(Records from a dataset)

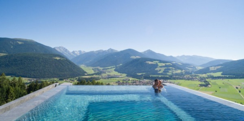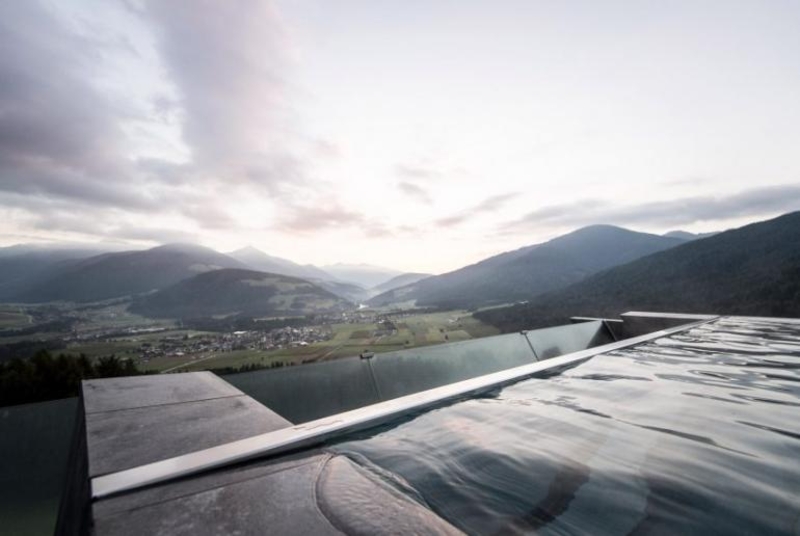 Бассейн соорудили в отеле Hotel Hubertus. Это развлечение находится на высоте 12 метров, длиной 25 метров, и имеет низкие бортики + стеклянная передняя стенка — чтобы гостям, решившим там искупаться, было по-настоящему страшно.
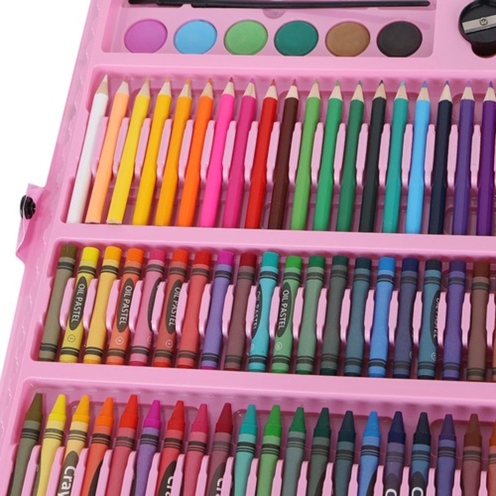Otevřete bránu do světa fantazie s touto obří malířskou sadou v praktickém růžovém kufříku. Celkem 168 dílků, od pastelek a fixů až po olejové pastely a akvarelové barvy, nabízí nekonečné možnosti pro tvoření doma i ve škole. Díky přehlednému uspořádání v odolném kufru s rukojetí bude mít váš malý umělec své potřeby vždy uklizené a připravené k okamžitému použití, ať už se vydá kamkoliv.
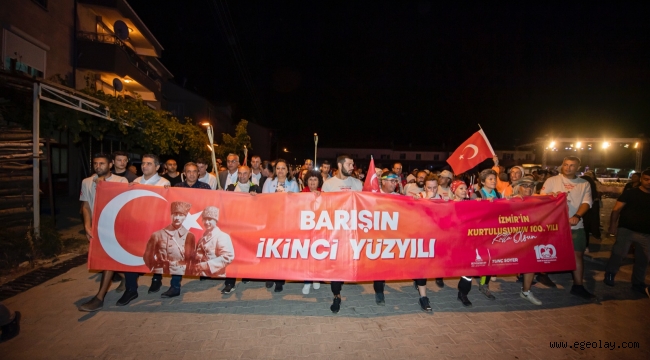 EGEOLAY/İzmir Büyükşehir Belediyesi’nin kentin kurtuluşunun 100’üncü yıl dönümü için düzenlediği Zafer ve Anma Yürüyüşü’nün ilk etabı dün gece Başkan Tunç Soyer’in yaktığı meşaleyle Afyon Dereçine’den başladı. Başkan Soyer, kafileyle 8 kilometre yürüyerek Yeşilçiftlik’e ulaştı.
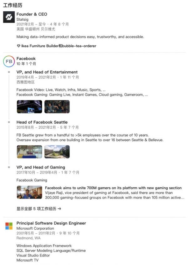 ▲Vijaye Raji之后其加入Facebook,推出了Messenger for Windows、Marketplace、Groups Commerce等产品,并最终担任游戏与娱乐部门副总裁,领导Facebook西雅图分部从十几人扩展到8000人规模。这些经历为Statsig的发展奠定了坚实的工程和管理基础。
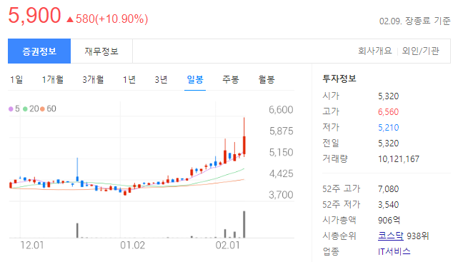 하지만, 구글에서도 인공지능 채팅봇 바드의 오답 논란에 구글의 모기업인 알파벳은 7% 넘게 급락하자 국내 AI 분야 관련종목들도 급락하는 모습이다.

---

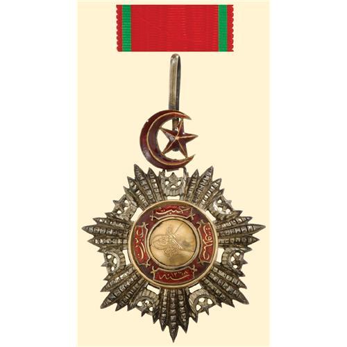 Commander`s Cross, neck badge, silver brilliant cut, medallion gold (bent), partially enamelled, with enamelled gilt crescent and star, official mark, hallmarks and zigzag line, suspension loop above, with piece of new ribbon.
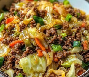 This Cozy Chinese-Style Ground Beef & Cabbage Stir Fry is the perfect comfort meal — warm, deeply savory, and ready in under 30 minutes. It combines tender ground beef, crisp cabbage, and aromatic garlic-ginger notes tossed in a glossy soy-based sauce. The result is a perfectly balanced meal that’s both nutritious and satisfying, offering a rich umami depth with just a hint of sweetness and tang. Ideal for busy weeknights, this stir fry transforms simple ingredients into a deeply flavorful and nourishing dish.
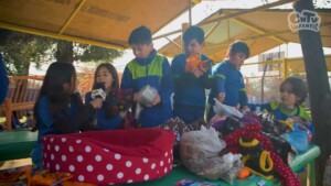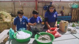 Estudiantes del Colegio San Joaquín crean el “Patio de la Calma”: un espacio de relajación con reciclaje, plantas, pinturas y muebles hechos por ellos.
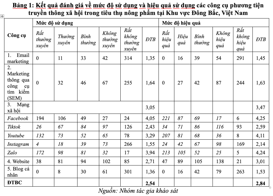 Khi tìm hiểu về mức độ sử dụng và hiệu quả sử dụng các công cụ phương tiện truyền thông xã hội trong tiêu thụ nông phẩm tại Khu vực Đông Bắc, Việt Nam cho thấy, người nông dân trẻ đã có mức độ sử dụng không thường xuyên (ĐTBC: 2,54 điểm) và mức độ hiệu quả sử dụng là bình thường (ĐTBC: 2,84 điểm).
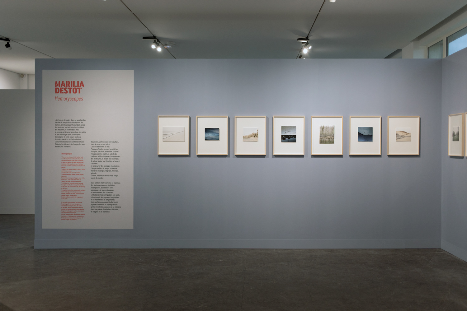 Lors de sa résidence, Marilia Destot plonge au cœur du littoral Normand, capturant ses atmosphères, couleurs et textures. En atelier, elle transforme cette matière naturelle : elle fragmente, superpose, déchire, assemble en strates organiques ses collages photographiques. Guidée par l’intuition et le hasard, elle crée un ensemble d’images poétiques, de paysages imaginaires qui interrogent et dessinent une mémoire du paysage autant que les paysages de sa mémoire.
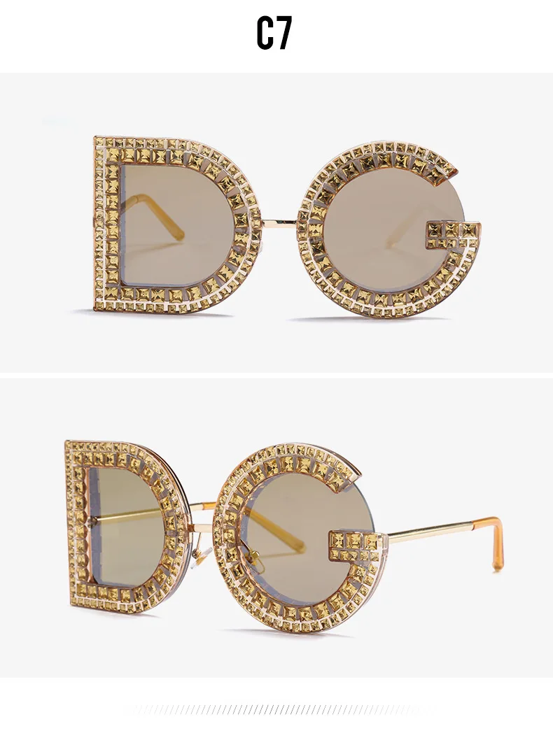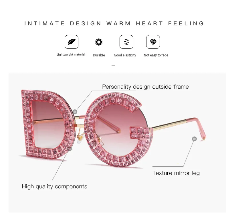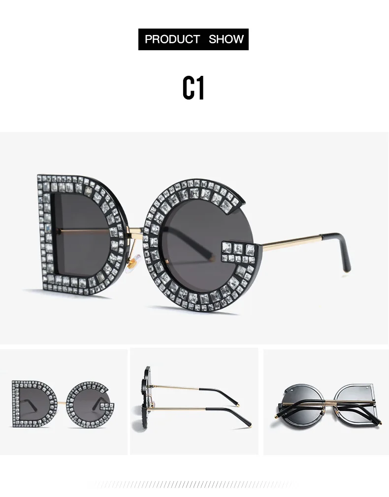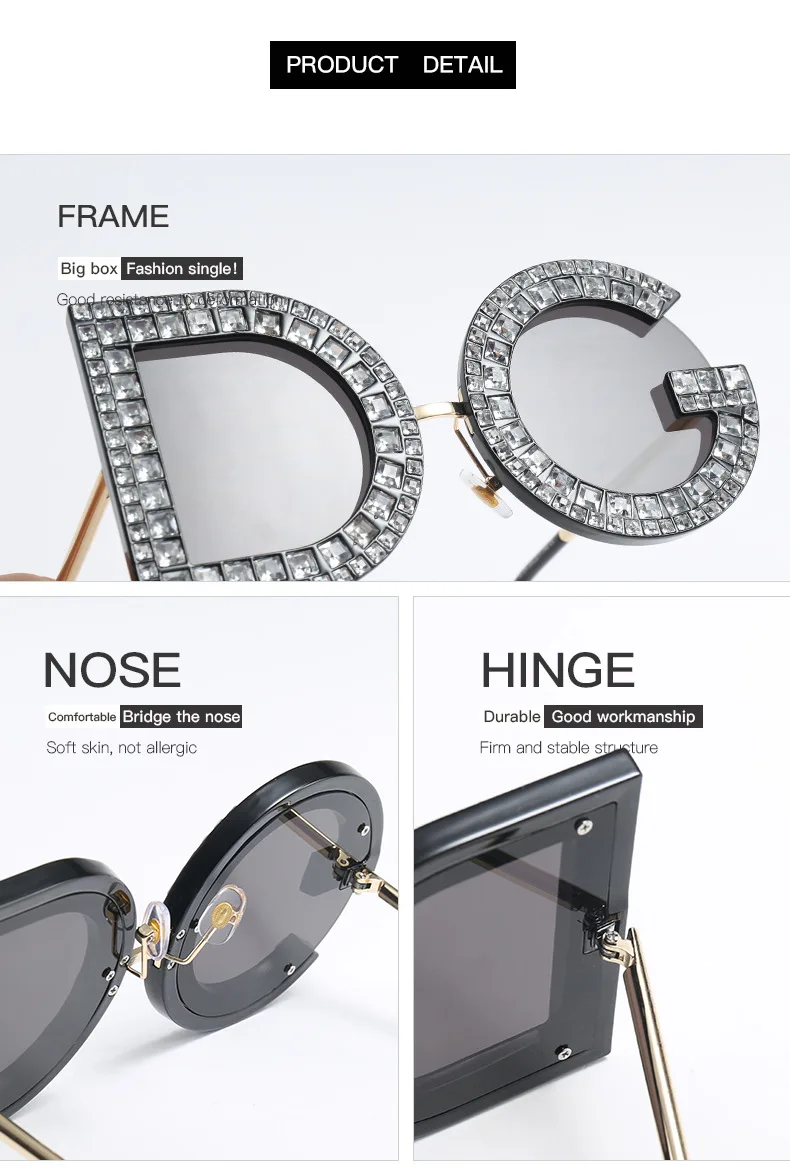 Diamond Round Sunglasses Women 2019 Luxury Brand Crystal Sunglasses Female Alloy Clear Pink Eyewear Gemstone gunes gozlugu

Work request: Go to the line above that has "This Cozy Chinese-Style" and copy exactly from there down to the line that has "Khi tìm hiểu", both included. Leave the pictures out.

Expected answer:
 This Cozy Chinese-Style Ground Beef & Cabbage Stir Fry is the perfect comfort meal — warm, deeply savory, and ready in under 30 minutes. It combines tender ground beef, crisp cabbage, and aromatic garlic-ginger notes tossed in a glossy soy-based sauce. The result is a perfectly balanced meal that’s both nutritious and satisfying, offering a rich umami depth with just a hint of sweetness and tang. Ideal for busy weeknights, this stir fry transforms simple ingredients into a deeply flavorful and nourishing dish.
 Estudiantes del Colegio San Joaquín crean el “Patio de la Calma”: un espacio de relajación con reciclaje, plantas, pinturas y muebles hechos por ellos.
 Khi tìm hiểu về mức độ sử dụng và hiệu quả sử dụng các công cụ phương tiện truyền thông xã hội trong tiêu thụ nông phẩm tại Khu vực Đông Bắc, Việt Nam cho thấy, người nông dân trẻ đã có mức độ sử dụng không thường xuyên (ĐTBC: 2,54 điểm) và mức độ hiệu quả sử dụng là bình thường (ĐTBC: 2,84 điểm).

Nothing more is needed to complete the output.